[[ Data, beginning ]]

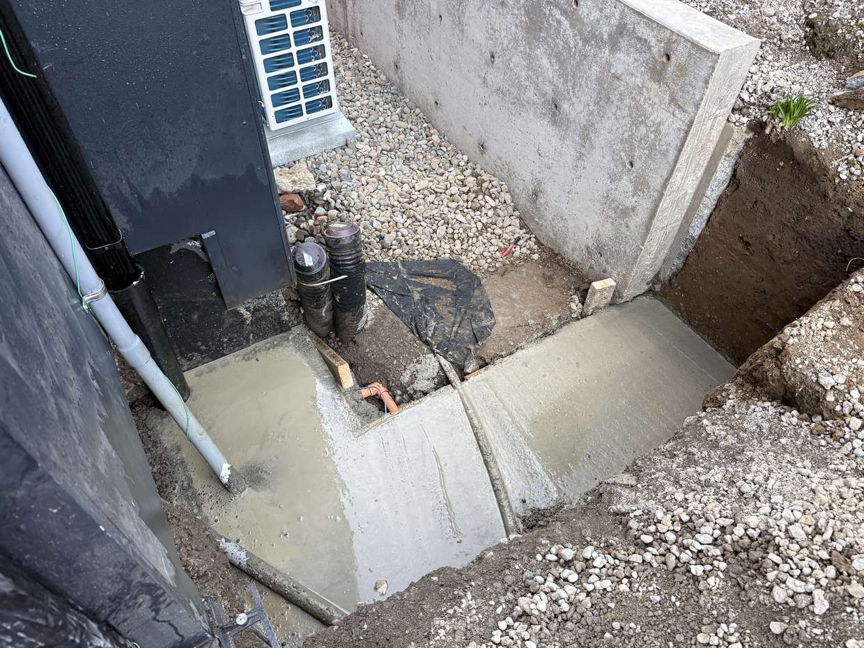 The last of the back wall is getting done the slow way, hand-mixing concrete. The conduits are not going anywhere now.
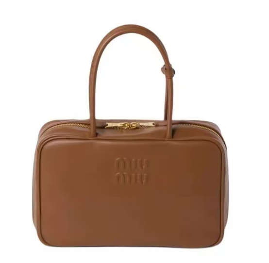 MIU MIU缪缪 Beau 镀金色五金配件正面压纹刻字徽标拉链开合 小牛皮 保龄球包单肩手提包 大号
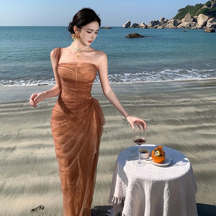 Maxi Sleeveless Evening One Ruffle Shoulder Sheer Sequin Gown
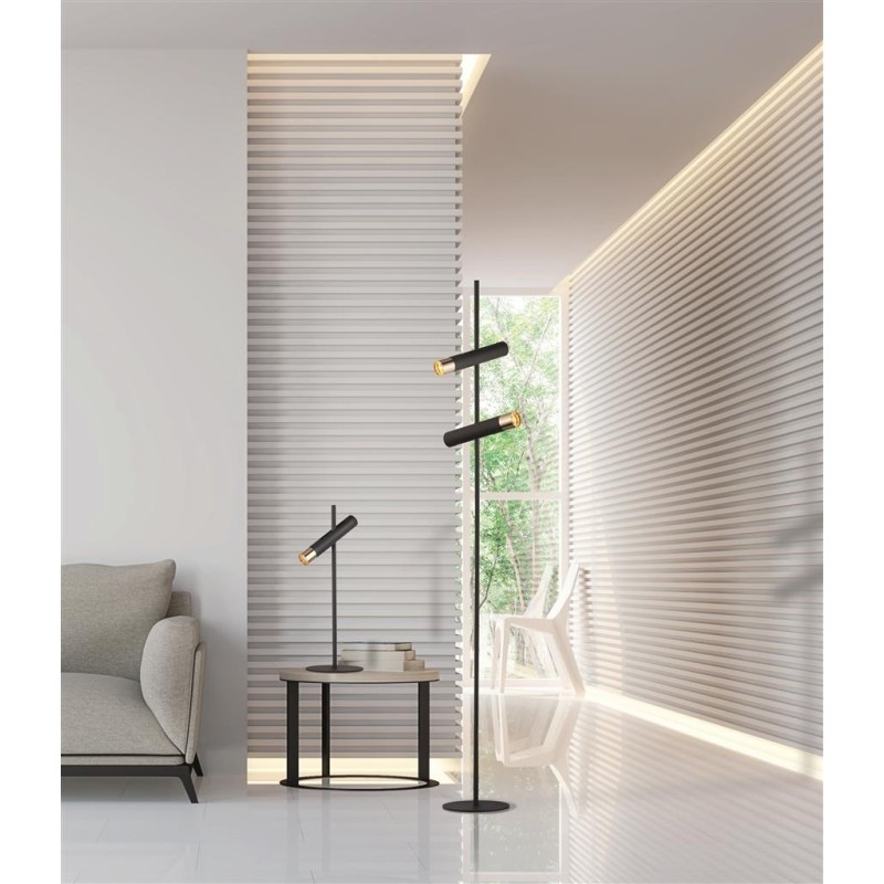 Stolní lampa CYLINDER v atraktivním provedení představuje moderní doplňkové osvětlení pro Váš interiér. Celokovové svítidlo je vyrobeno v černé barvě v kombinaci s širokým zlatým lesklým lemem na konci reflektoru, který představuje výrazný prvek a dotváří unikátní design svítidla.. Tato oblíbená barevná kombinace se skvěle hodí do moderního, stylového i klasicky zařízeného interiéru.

[[ Data, end ]]

**Work instructions**:
From the data above, write out everything exactly except the pictures.

**Written solution**:
 The last of the back wall is getting done the slow way, hand-mixing concrete. The conduits are not going anywhere now.
 MIU MIU缪缪 Beau 镀金色五金配件正面压纹刻字徽标拉链开合 小牛皮 保龄球包单肩手提包 大号
 Maxi Sleeveless Evening One Ruffle Shoulder Sheer Sequin Gown
 Stolní lampa CYLINDER v atraktivním provedení představuje moderní doplňkové osvětlení pro Váš interiér. Celokovové svítidlo je vyrobeno v černé barvě v kombinaci s širokým zlatým lesklým lemem na konci reflektoru, který představuje výrazný prvek a dotváří unikátní design svítidla.. Tato oblíbená barevná kombinace se skvěle hodí do moderního, stylového i klasicky zařízeného interiéru.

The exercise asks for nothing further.